Exercise brief: Print the data exactly. Pictures stay out.

Collected data entries:
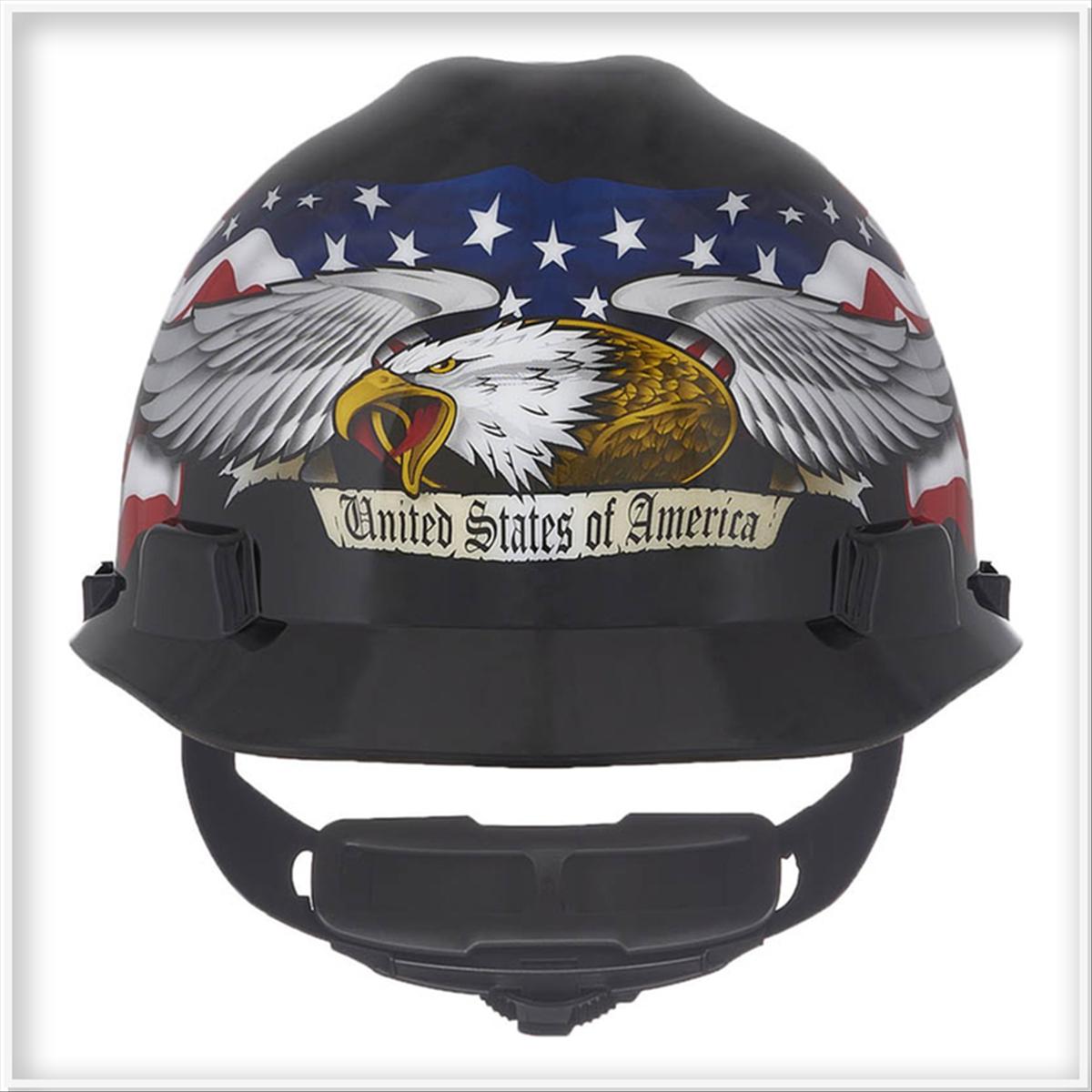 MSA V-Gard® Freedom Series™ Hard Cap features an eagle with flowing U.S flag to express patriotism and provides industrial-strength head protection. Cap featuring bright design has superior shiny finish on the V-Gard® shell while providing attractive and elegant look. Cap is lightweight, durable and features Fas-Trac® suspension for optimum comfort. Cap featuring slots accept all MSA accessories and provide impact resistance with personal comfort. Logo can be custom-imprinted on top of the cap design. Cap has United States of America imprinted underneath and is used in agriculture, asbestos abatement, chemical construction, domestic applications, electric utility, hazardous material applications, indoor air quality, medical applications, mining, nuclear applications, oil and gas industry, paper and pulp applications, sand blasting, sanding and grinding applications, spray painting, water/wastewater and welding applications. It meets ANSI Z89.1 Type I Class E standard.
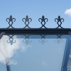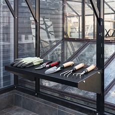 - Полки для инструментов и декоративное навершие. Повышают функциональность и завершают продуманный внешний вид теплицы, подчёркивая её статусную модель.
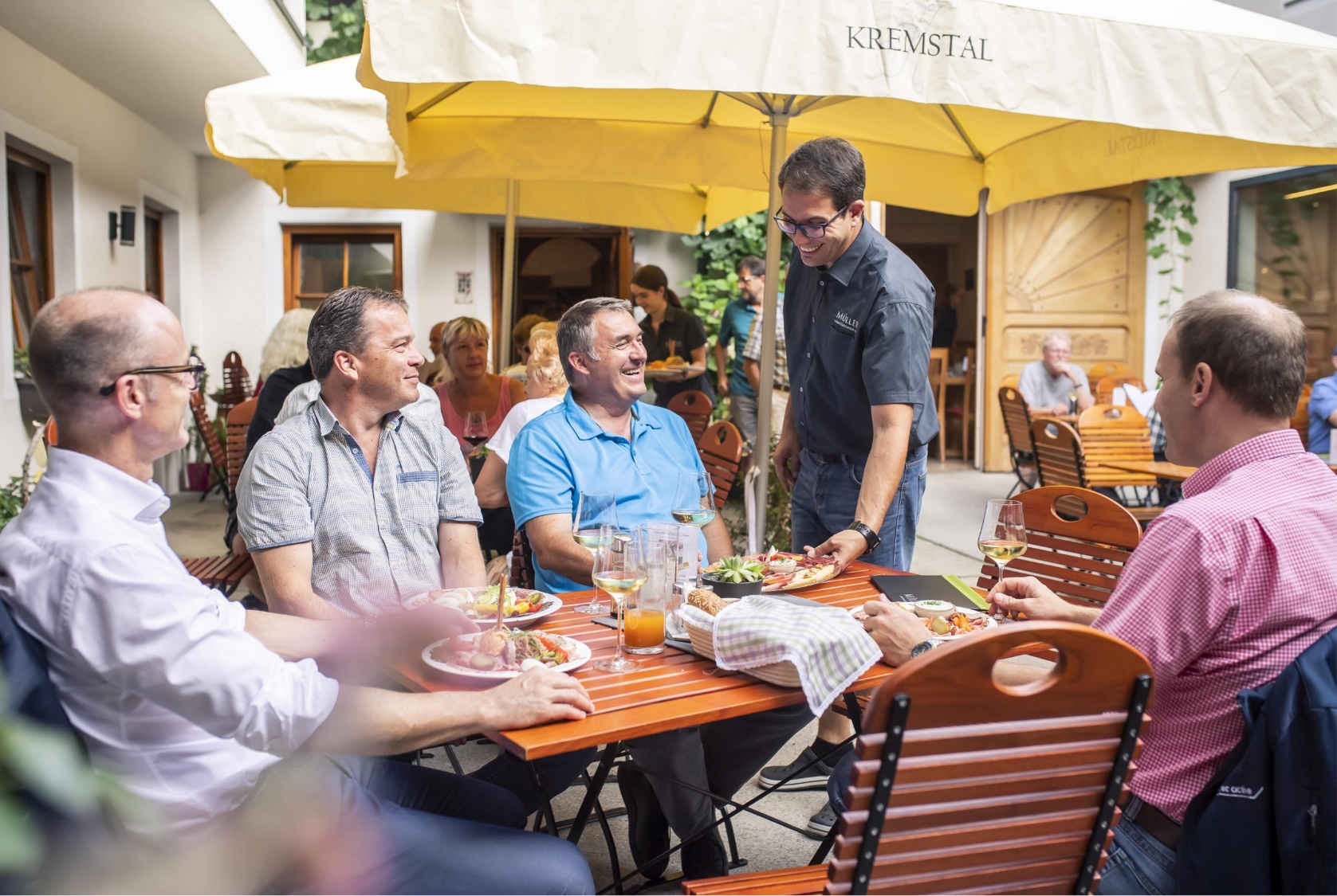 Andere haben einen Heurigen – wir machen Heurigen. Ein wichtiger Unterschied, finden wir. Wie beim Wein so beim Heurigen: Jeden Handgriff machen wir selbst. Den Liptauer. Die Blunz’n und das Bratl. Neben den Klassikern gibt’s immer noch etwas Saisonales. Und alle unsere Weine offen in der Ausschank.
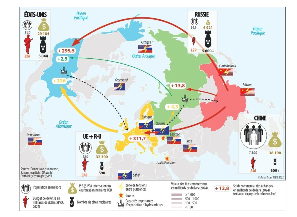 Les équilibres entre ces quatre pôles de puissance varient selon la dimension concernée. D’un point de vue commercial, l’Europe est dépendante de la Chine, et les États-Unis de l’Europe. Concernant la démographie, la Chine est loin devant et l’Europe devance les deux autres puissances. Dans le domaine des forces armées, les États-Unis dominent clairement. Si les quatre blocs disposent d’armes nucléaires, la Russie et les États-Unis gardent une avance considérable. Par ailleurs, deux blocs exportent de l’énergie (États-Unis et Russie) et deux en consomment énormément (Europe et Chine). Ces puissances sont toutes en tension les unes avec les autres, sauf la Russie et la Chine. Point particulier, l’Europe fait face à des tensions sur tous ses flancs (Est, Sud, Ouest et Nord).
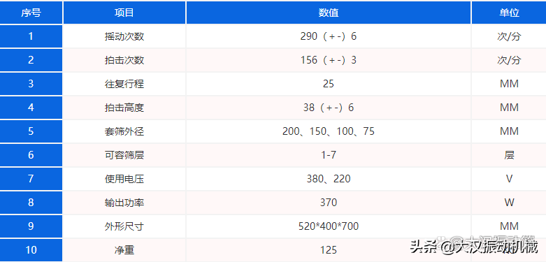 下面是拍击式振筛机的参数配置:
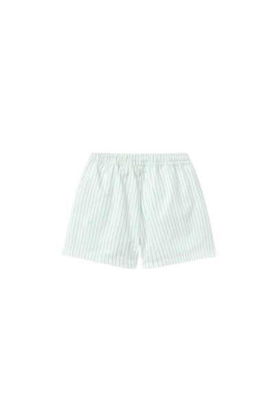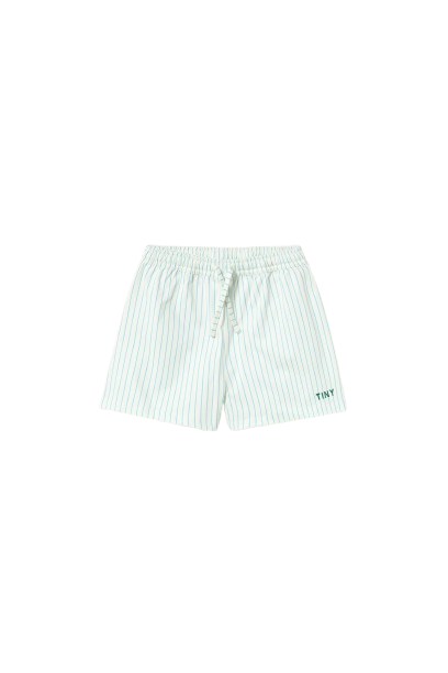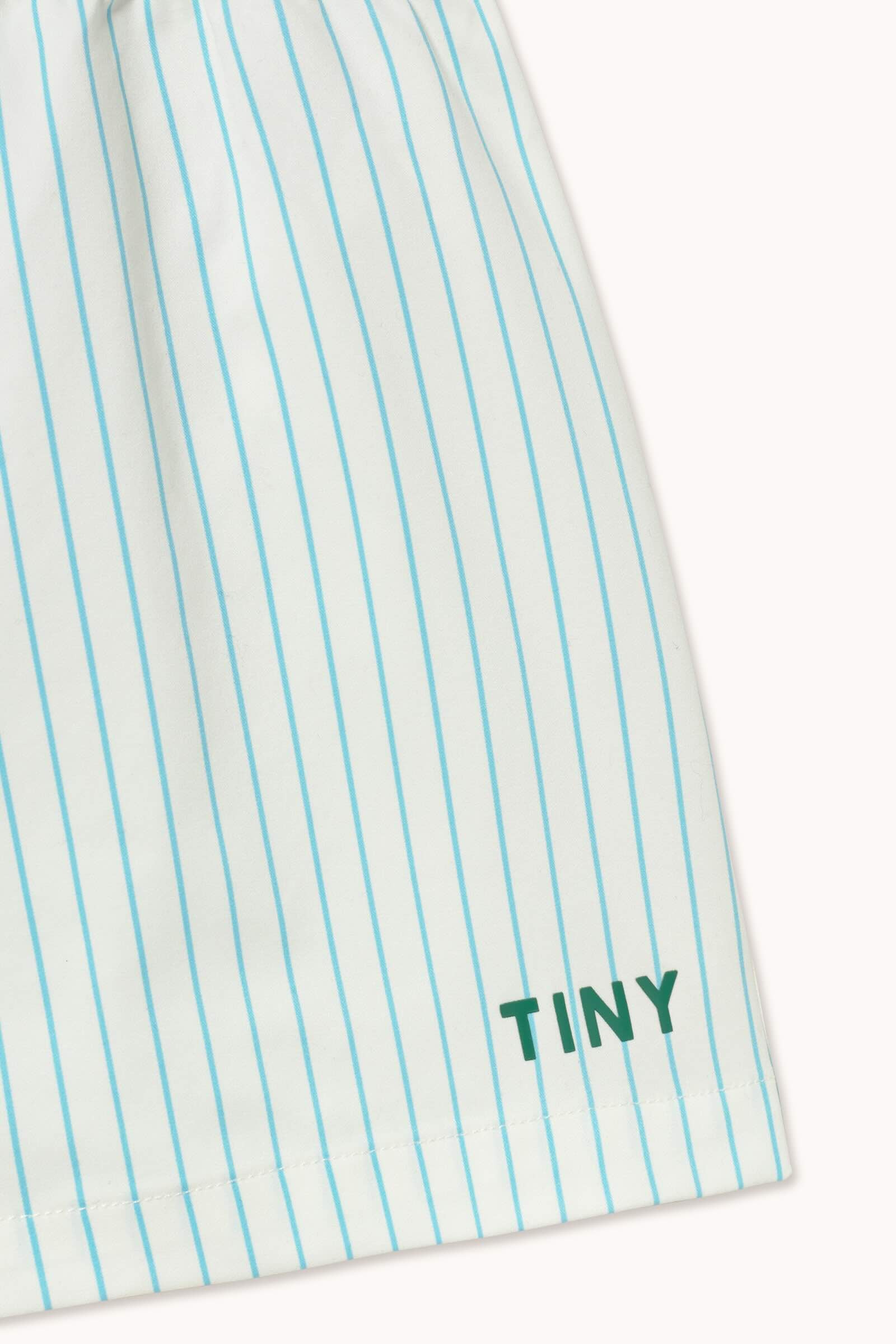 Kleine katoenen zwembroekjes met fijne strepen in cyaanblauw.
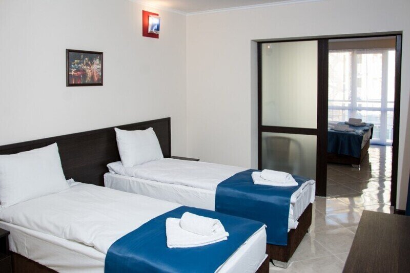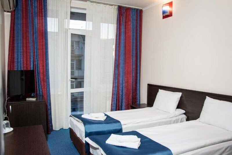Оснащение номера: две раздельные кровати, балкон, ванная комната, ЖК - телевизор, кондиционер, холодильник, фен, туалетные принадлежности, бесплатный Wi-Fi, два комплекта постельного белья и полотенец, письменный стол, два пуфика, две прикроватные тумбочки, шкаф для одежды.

Response box:
 MSA V-Gard® Freedom Series™ Hard Cap features an eagle with flowing U.S flag to express patriotism and provides industrial-strength head protection. Cap featuring bright design has superior shiny finish on the V-Gard® shell while providing attractive and elegant look. Cap is lightweight, durable and features Fas-Trac® suspension for optimum comfort. Cap featuring slots accept all MSA accessories and provide impact resistance with personal comfort. Logo can be custom-imprinted on top of the cap design. Cap has United States of America imprinted underneath and is used in agriculture, asbestos abatement, chemical construction, domestic applications, electric utility, hazardous material applications, indoor air quality, medical applications, mining, nuclear applications, oil and gas industry, paper and pulp applications, sand blasting, sanding and grinding applications, spray painting, water/wastewater and welding applications. It meets ANSI Z89.1 Type I Class E standard.
 - Полки для инструментов и декоративное навершие. Повышают функциональность и завершают продуманный внешний вид теплицы, подчёркивая её статусную модель.
 Andere haben einen Heurigen – wir machen Heurigen. Ein wichtiger Unterschied, finden wir. Wie beim Wein so beim Heurigen: Jeden Handgriff machen wir selbst. Den Liptauer. Die Blunz’n und das Bratl. Neben den Klassikern gibt’s immer noch etwas Saisonales. Und alle unsere Weine offen in der Ausschank.
 Les équilibres entre ces quatre pôles de puissance varient selon la dimension concernée. D’un point de vue commercial, l’Europe est dépendante de la Chine, et les États-Unis de l’Europe. Concernant la démographie, la Chine est loin devant et l’Europe devance les deux autres puissances. Dans le domaine des forces armées, les États-Unis dominent clairement. Si les quatre blocs disposent d’armes nucléaires, la Russie et les États-Unis gardent une avance considérable. Par ailleurs, deux blocs exportent de l’énergie (États-Unis et Russie) et deux en consomment énormément (Europe et Chine). Ces puissances sont toutes en tension les unes avec les autres, sauf la Russie et la Chine. Point particulier, l’Europe fait face à des tensions sur tous ses flancs (Est, Sud, Ouest et Nord).
 下面是拍击式振筛机的参数配置:
 Kleine katoenen zwembroekjes met fijne strepen in cyaanblauw.
Оснащение номера: две раздельные кровати, балкон, ванная комната, ЖК - телевизор, кондиционер, холодильник, фен, туалетные принадлежности, бесплатный Wi-Fi, два комплекта постельного белья и полотенец, письменный стол, два пуфика, две прикроватные тумбочки, шкаф для одежды.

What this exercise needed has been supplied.